↓↓↓

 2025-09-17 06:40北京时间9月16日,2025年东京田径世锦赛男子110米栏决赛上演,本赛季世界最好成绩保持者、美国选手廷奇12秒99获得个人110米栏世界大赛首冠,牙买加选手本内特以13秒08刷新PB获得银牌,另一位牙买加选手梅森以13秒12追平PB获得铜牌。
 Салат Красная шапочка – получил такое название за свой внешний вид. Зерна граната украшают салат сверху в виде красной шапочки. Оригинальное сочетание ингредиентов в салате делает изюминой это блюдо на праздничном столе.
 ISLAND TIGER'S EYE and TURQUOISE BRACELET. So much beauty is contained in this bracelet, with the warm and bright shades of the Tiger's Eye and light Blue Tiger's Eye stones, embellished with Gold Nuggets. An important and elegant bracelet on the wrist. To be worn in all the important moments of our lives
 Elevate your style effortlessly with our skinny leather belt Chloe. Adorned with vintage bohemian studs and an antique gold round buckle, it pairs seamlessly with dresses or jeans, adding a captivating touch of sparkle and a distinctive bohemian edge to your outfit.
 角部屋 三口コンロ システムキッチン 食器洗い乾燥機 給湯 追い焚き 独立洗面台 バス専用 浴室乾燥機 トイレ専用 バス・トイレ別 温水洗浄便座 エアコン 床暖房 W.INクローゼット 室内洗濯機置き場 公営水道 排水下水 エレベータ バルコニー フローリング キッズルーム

↑↑↑
↓↓↓

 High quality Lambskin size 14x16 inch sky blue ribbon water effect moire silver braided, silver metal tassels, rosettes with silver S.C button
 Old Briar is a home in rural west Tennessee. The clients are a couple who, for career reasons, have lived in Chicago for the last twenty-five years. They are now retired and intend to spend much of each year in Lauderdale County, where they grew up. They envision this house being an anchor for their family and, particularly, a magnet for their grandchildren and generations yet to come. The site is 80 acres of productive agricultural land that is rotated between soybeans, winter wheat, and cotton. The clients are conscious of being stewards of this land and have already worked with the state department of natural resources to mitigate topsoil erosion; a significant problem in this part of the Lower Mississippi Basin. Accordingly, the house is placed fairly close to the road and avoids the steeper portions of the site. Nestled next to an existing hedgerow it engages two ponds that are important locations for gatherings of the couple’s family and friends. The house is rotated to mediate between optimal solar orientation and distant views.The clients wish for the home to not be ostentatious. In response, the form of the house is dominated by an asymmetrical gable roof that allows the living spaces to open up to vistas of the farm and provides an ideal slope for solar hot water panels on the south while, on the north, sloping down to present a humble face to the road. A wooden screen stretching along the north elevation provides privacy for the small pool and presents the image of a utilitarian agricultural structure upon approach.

↑↑↑

* Exercise details
Beginning at the line with "Elevate your style" and ending at the line with "角部屋 三口コンロ システムキッチン", reproduce each line of the data above exactly, and add no other lines.

* Task response
 Elevate your style effortlessly with our skinny leather belt Chloe. Adorned with vintage bohemian studs and an antique gold round buckle, it pairs seamlessly with dresses or jeans, adding a captivating touch of sparkle and a distinctive bohemian edge to your outfit.
 角部屋 三口コンロ システムキッチン 食器洗い乾燥機 給湯 追い焚き 独立洗面台 バス専用 浴室乾燥機 トイレ専用 バス・トイレ別 温水洗浄便座 エアコン 床暖房 W.INクローゼット 室内洗濯機置き場 公営水道 排水下水 エレベータ バルコニー フローリング キッズルーム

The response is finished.